When red blood cells burst due to the parasites, white blood cells attempt to hunt down the intruders. The body heats up and causes fever, but these crafty parasites hide in RBCs, making it extremely difficult to destroy them. The spleen, responsible for cleaning up dead blood cells, enlarges due to overworking to clear all the cells destroyed by the parasite. This condition is infamously known as malaria, one of the diseases that infects a huge population of humans in tropical third world countries. In more serious cases, it can cause seizures, coma and death.

The best way to avoid contracting malaria is to wear long sleeve clothes and use insect repellent when going to or living in tropical countries.

1. Brain eating amoeba

The brain eating amoeba, also known as Naegleria fowleri as its Latin name, is a single cell protozoan that usually lives at the bottom of rivers and lakes. These tiny organisms are roughly 8mm in size, smaller than the human eye can see. They usually feed on bacteria residing among them in their environment, and do not actively attack humans.

However, when a human goes swimming in an infested river or lake, the amoeba can enter the human body through the nostrils.
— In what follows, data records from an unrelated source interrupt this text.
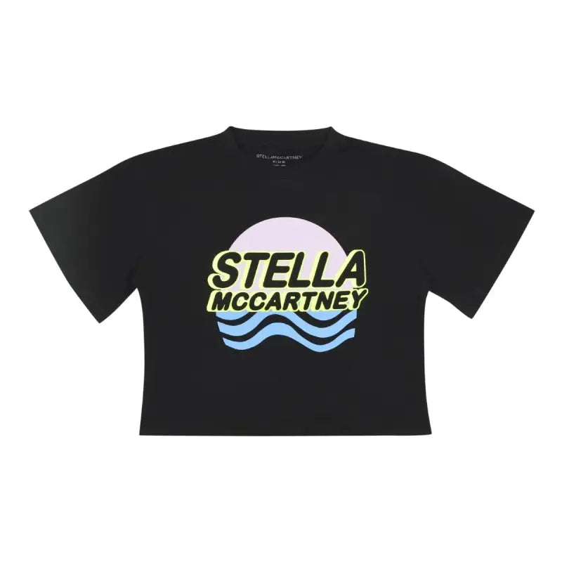 Black t-shirt for girls by Stella McCartney. Made from soft organic cotton jersey, it features the brands logo print in purple, neon yellow and blue on the front.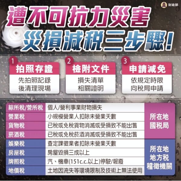 ▲災害捐失申請稅捐減免三步驟。(圖/竹北國稅局提供)
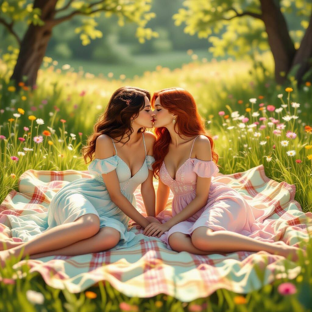 This image shows two women in pastel dresses embracing on a picnic blanket surrounded by wildflowers. The scene is bathed in warm sunlight, rendered with high contrast and psychedelic colors in a futuristic realism style.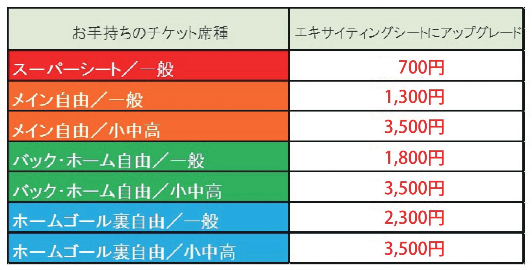 (ホームゲーム当日、お手持ちのチケットをエキサイティングシートへ変更(アップグレード)することができます。変更希望のチケットをお持ちの上、当日券売り場にお越しください)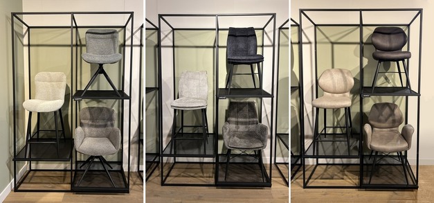 Natuurlijk mogen de stoelen niet overgeslagen worden. Maxfurn presenteert deze huisshow drie nieuwe stoelenfamilies: Jamaica, Jefferson en Argentina. Elke familie bestaat uit een eetkamerstoel, een armstoel en een barstoel, allemaal gebaseerd op dezelfde basisvorm. Zo is het mogelijk om op verschillende plekken in de woning een herkenbare stijl door te voeren, terwijl het toch afwisselt in functie en uitvoering. Ook hierbij is er keuze uit diverse stofkleuren, waardoor elke combinatie nauwkeurig kan worden afgestemd op de gewenste woonstijl.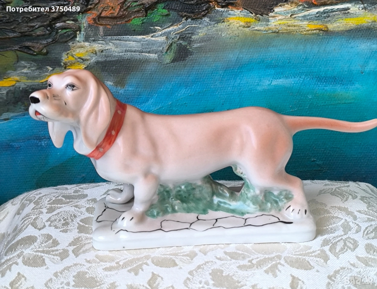 Порцеланова фигурка на куче → Обява 53846058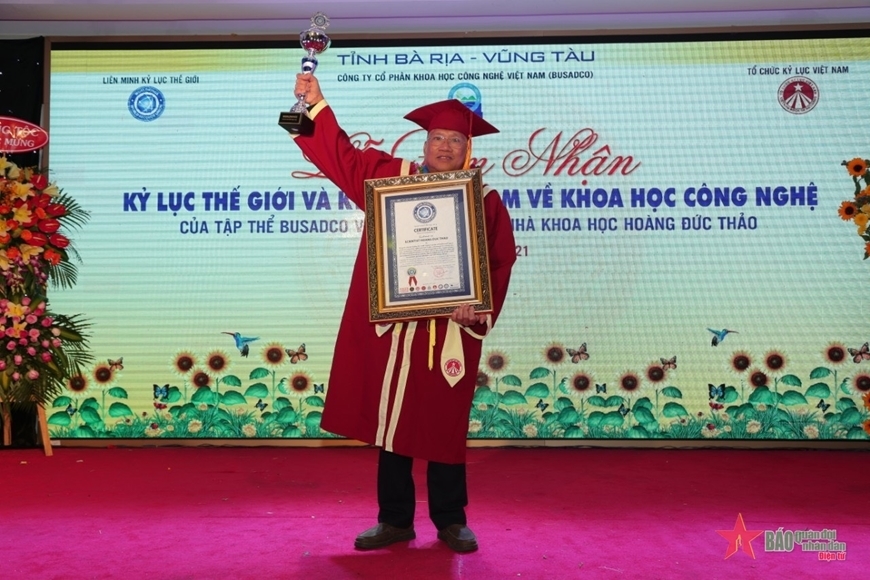 | Anh hùng Lao động Hoàng Đức Thảo được Hội đồng Liên minh Kỷ lục thế giới vinh danh năm 2020. |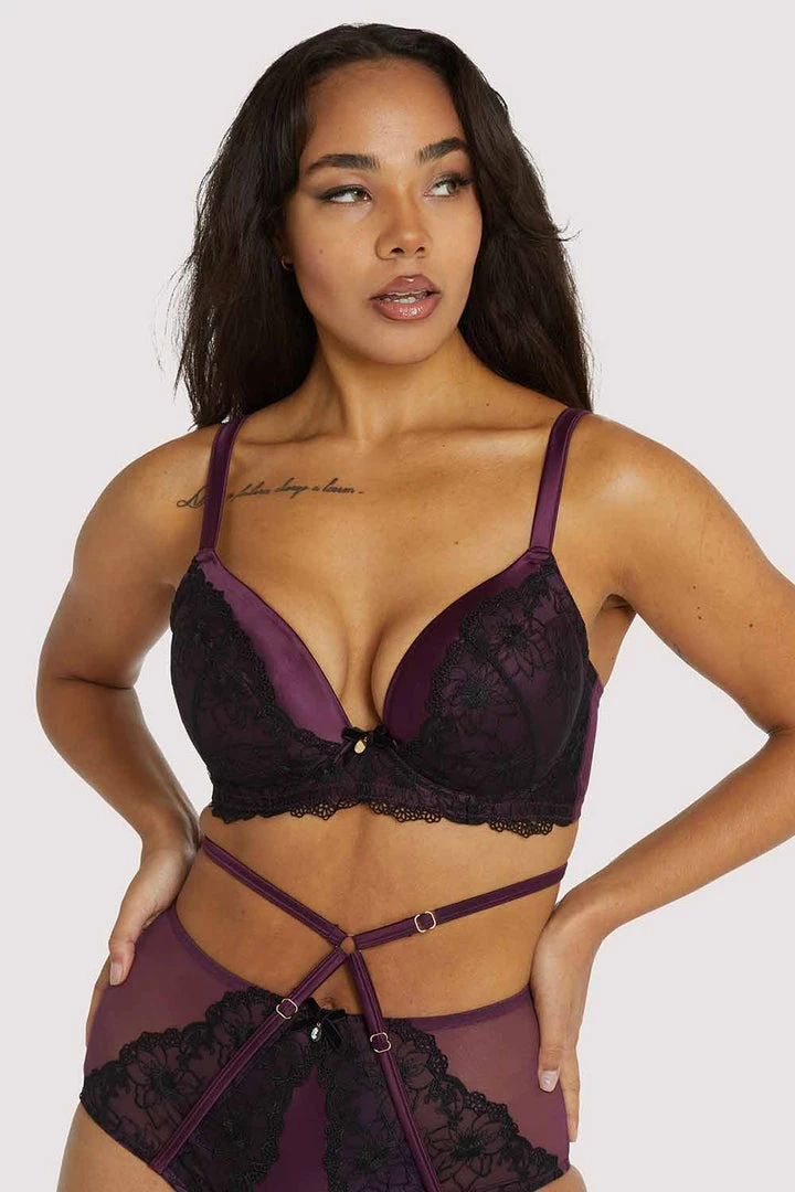 Dinner with wine? Why not pair dessert with the Muriel set, encased in rich red wine satin, corded floral lace mesh and the unique addition of a cameo charm in the centre.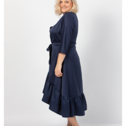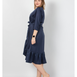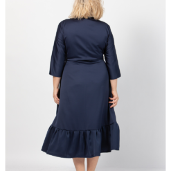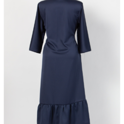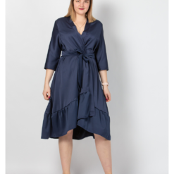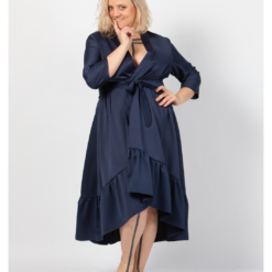 Dark blue, asymmetrical robe with a ruffle and a built-in belt on the sides. Made of silky and nice-to-touch fabric. The robe is easy to care. Made in Latvia.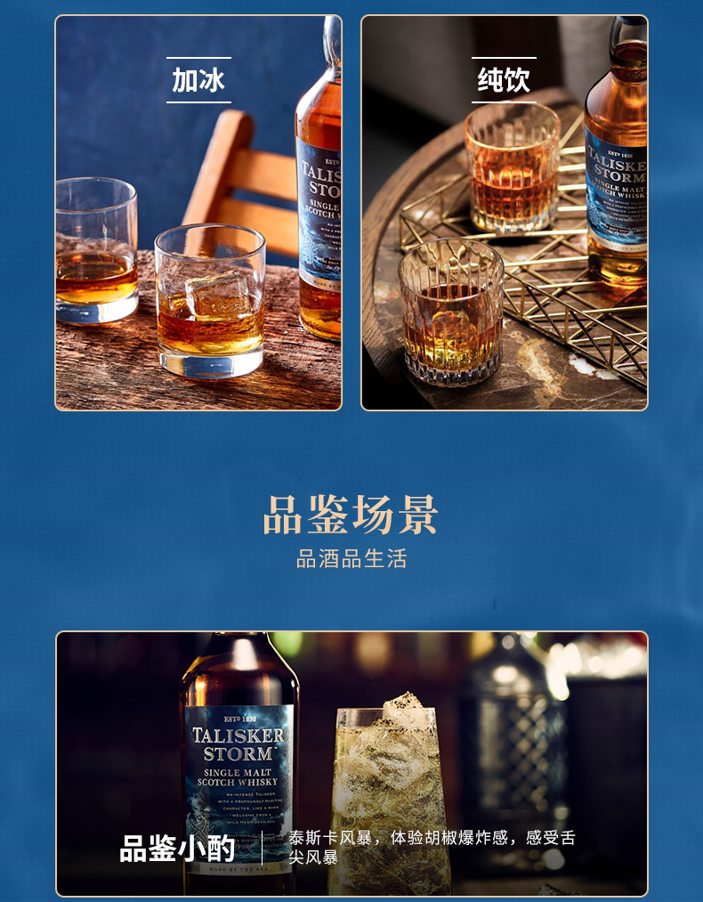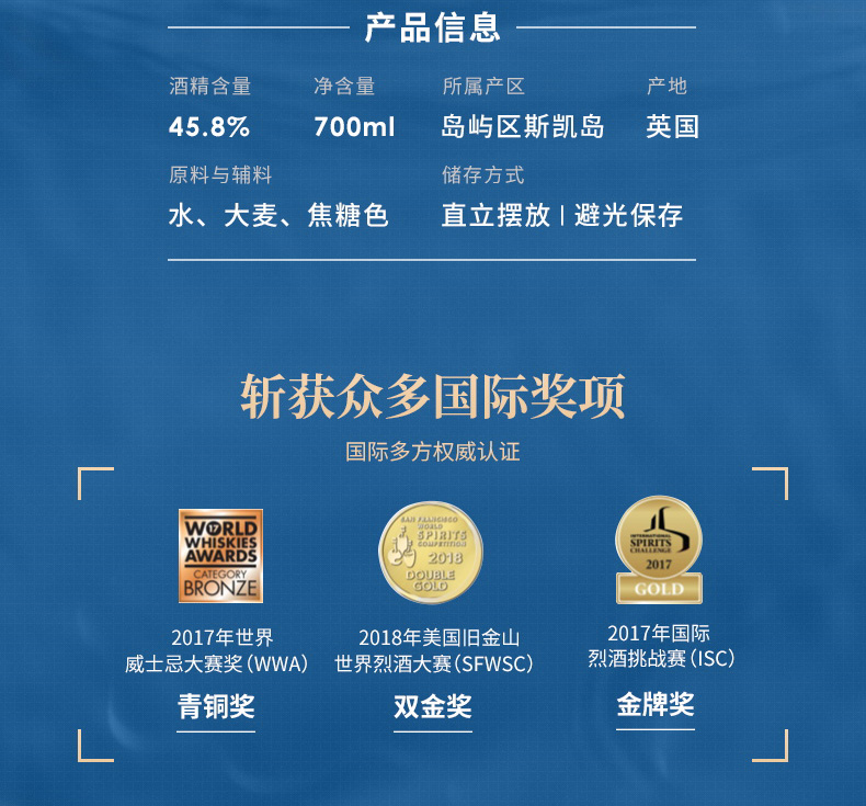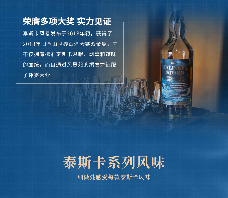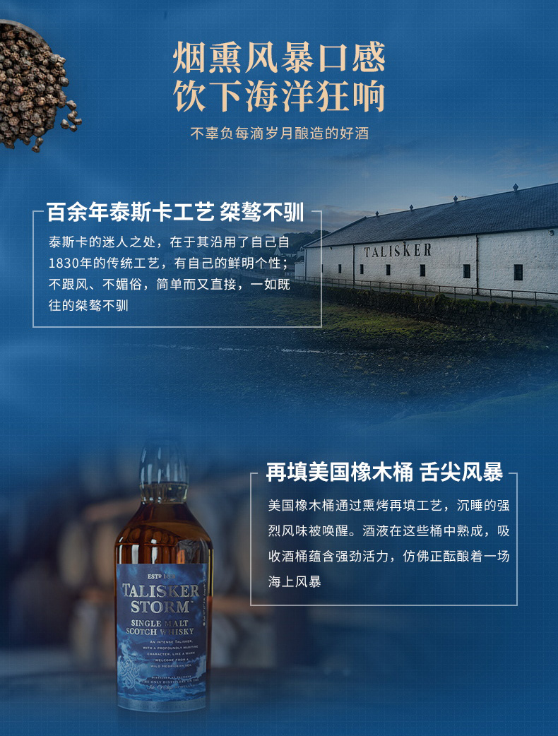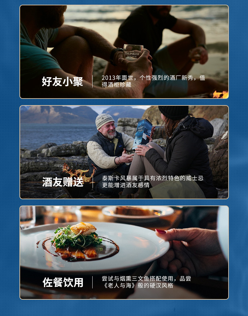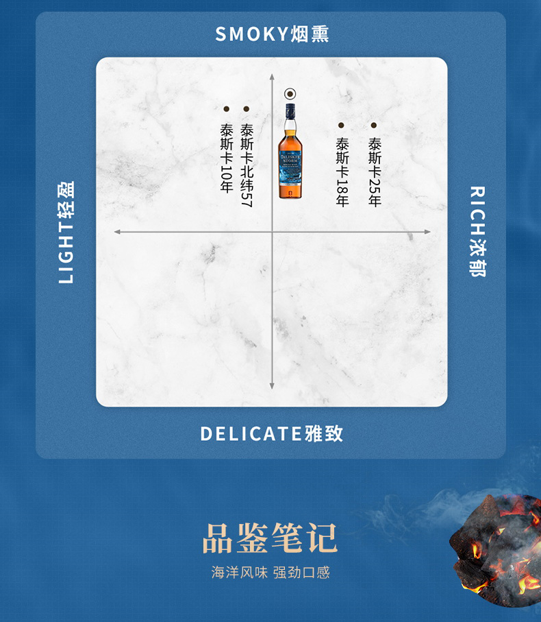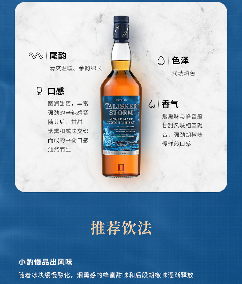 口感:烟熏,奶油冰激凌般的甜,胡椒,水果,意思不易察觉的泥煤以及海水拍打海岸的味道,甜美又不失强烈,具有浓郁的干燥水果香甜、浓密的烟熏及强烈的大麦麦芽风味,口感温和而滋味鲜明,尤其在口腔后部还会迸发出强烈的胡椒风味。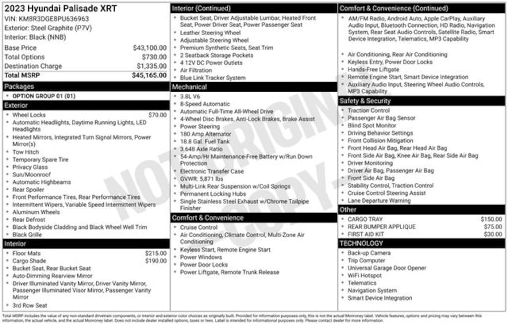 Certified. 2023 Steel Graphite 4D Sport Utility Hyundai Palisade XRT V6 AWD Navigation System, Option Group 01.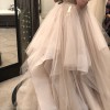 60" length (size 10) Hidden back-zip closure Surplice V-neck bodice Sleeveless Fitted waist Trailing layered skirt Low scooped back Partially lined 100% polyester tulle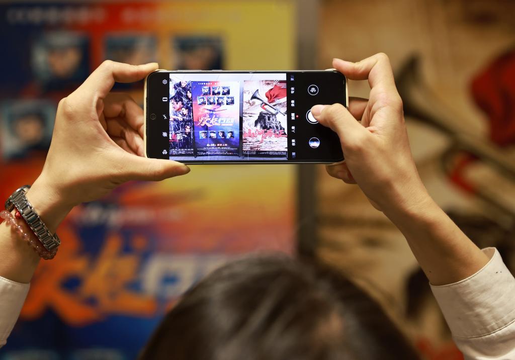 8月31日,在湖北省武漢市江岸區(qū)一家影城,觀眾拍攝近期上映的電影海報。新華社發(fā)(趙軍攝)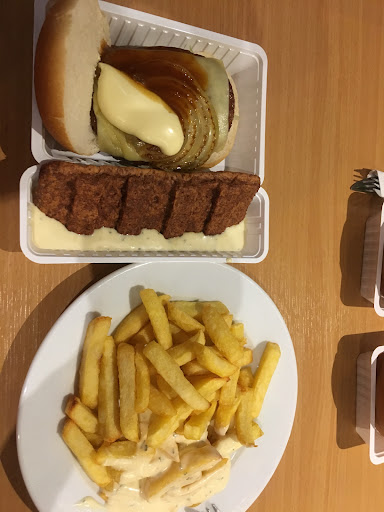 Niet veel later wordt ons eten netjes naar onze zitplek gebracht en kan het testen beginnen. Die frietjes smaken erg ‘droog’ en zijn geheel zoutloos, op onze tafel staat ook geen zoutpotje waardoor we deze zelf niet kunnen toevoegen. Later ontdekken wij dat deze binnen stonden, wellicht moeten we de volgende keer toch maar zelf initiatief tonen op dit gebied. De kipkorn is heel krokant en lekker van smaak. De bami, welke toch wel veel op een oriental leek, terwijl de uitbater aangaf deze niet te hebben, smaakte prima. De gehaktbal speciaal was lekker en kende de juiste afbaktijd. We brengen het dienblad met de lege bakjes netjes terug naar binnen en vervolgen onze autorit door...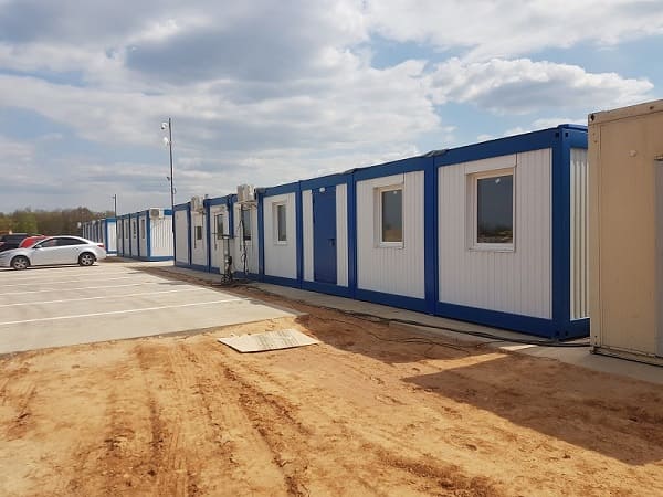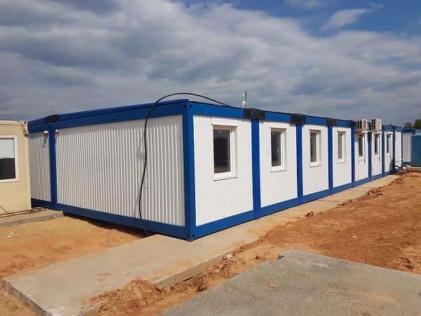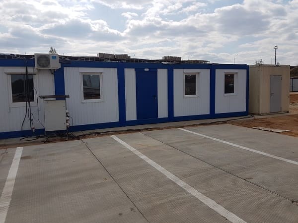 Модульное здание штаба строительства на базе блок-контейнеров "Универсал", имеющие односкатную кровельную раму по типу, ранее выпускаемому "КССК МО".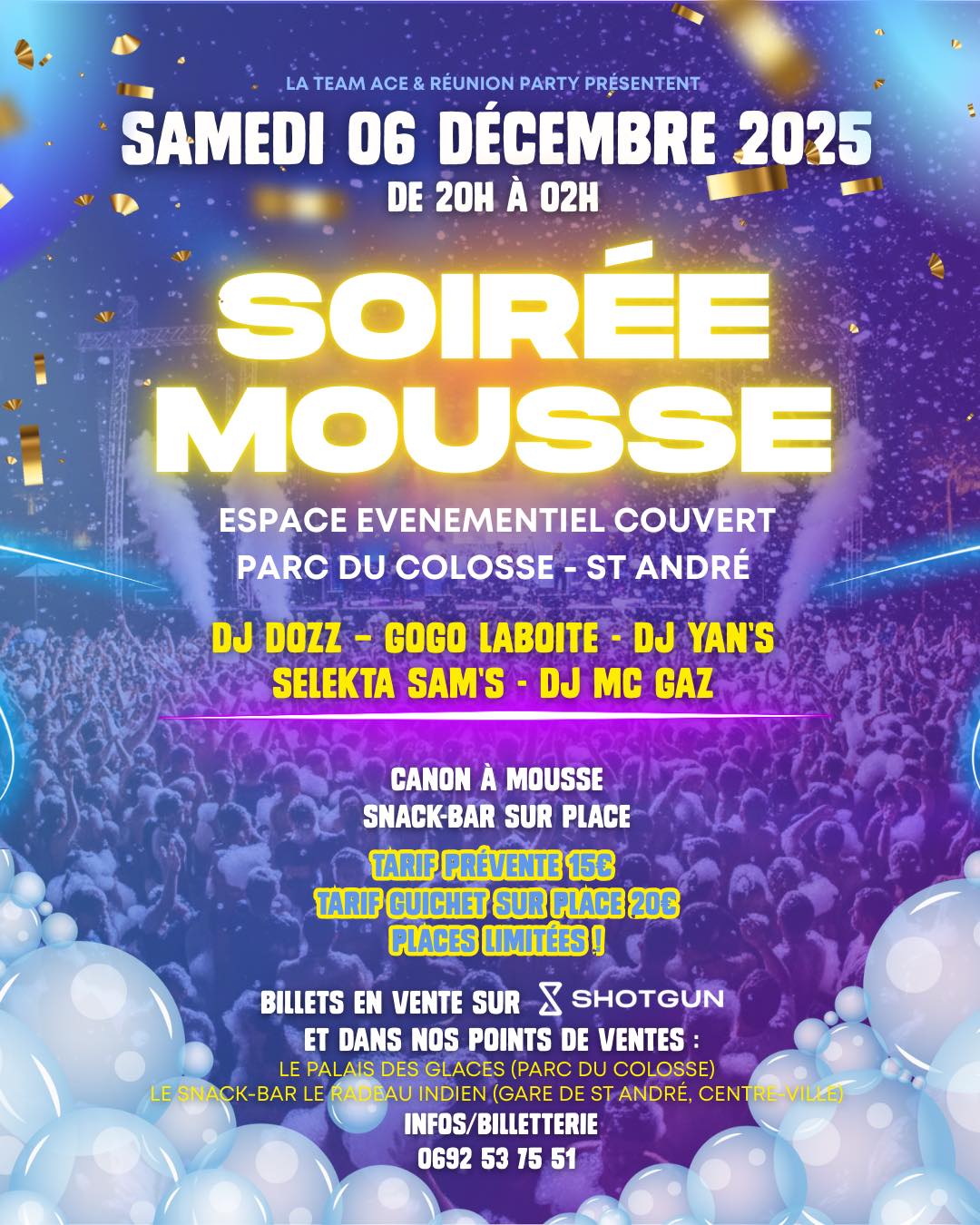 - Plus d’infos / sources : voir l’affiche - Infos/Billetterie 0692 53 75 51 - Un événement signé ACE x Réunion Party en partenariat avec Les Jeunes de Saint-André

From there, the amoeba travels through the olfactory nerve (the nerve which controls the sense of smell) to the front part of the brain. Once inside the brain, the amoeba goes into a feeding frenzy from brain tissue.

As the brain is under attack, the immune system rapidly responds, attempting to destroy the amoeba. The brain swells, causing meningitis and fever. However, this does not stop the amoeba from multiplying rapidly, eating more and more of the brain, eventually causing coma and death. This condition is known as Naegleriasis.

There is no known cure for the brain eating amoeba, and almost all cases are fatal. Those who survived the disease have to live with severe brain damage.

The only way to avoid getting this parasite into your brain is to wear a nose-cap when swimming.

Bonus: Paralysis tick (Australia only)

The paralysis tick, or Ixodes holocyclus, is a bloodsucking tick exclusive to Australia. These critters look for a host to feed on to successfully mature into an adult. Each time it feed, it molts, up to two times. Female ticks need to feed for three times, the last time to get enough nutrients to lay her eggs.

When the tick have found a suitable prey, they spend a couple of hours moving around their prey’s body, searching for the best spot to drink blood in. After finding one and settling down, usually at the back of the victim’s head where they cannot be detected, the tick injects toxin into the victim’s skin and drink their blood.

The toxin affects the victim’s nervous system, causing a numb or tingling sensation. It usually start at the legs, causing the victim to walk in a drunken manner. If the tick is allowed to continue releasing its poison, the paralysis can spread to the victims’ arms. If the toxin reach the lungs of the victim, it can cause death from inability to breathe.

Once the tick is removed from the victim’s body, the paralysis goes away. But removal is a delicate operation, as the stinger of the tick could become stuck in the victim’s body and continue to release poison. When attempting to remove this tick, it is best to seek professional help.